Dear hpc-community,
Recently I ran a lot of interactive computations with numpy on the cluster and I frequently encounter out of memory errors. If I allocate an array which is vastly larger then the available RAM numpy raises a MemoryError:
In [3]: while 1:
...: ar=np.ones((2**36))
...: tlist.append(ar)
...:
---------------------------------------------------------------------------
MemoryError Traceback (most recent call last)
Input In [3], in <cell line: 1>()
1 while 1:
----> 2 ar=np.ones((2**36))
3 tlist.append(ar)
File ~/env/lib/python3.10/site-packages/numpy/core/numeric.py:205, in ones(shape, dtype, order, like)
202 if like is not None:
203 return _ones_with_like(shape, dtype=dtype, order=order, like=like)
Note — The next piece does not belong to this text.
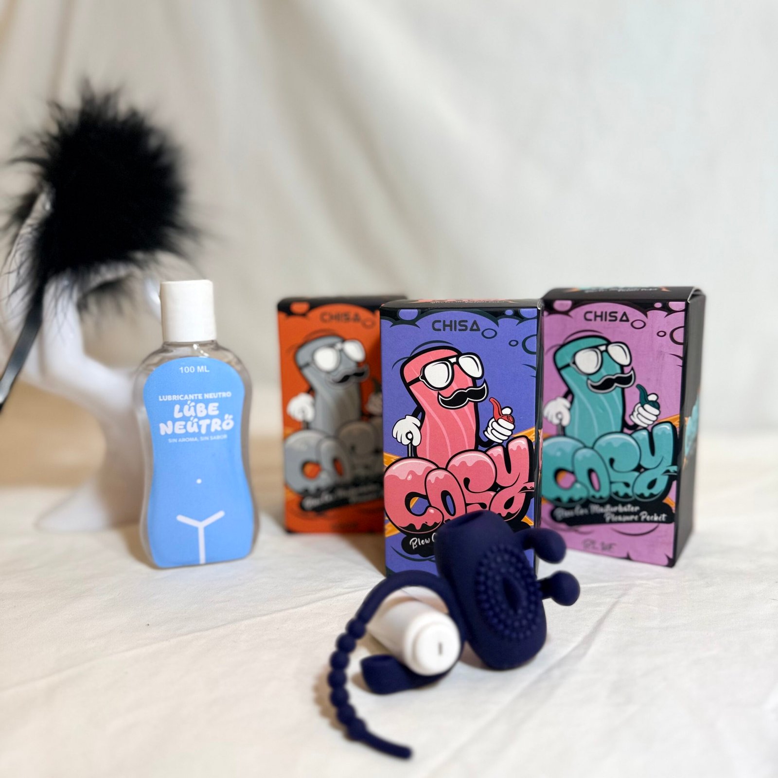 - 1 COSY de CHISA es una línea de masturbadores que se alejan del estándar realista y juegan con colores y formas mas atrevidas.Textura suave y diseños alocados. Su estructura interna es ideal para estimular el pene con cada penetración, todo esto acompañado de un pequeño sobre de lubricante, para tener un placer al inmediato de su llegada.

--> 205 a = empty(shape, dtype, order)
206 multiarray.copyto(a, 1, casting='unsafe')
207 return a
MemoryError: Unable to allocate 512. GiB for an array with shape (68719476736,) and data type float64
In [4]:
This behavior is perfect, since it allows me to go back and change some parameters to make it smaller, clean up some unused arrays, and/or figure out what went wrong without restarting the session.
However if the allocation is only say 1GB per array, the process gets killed by the oom-killer instead:
In [5]: while 1:
...: ar=np.ones((2**27))
...: tlist.append(ar)
...:
fish: Job 1, 'ipython' terminated by signal SIGKILL (Forced quit)
This is very bad, because now everything in the current session is lost, open hdf5 files are potentially corrupted, and it also doesn’t say where the problematic large allocation happened which makes debugging harder.
As far as I am aware this happens since linux overcommits memory by default, i.e. allows allocating more memory than it has available instead of failing allocations.
Is there a way to disable this “feature” for just a single process?
If not, say I am willing to patch numpy or write a low level library, is there a way to tell linux to be “honest” about whether there is enough memory available? It would make sense to me if the MAP_POPULATE flag would do this, but I wasn’t able to find any documentation that it actually does.
Am I overlooking some other simple solution?
Cheers and Thanks a lot,
Michael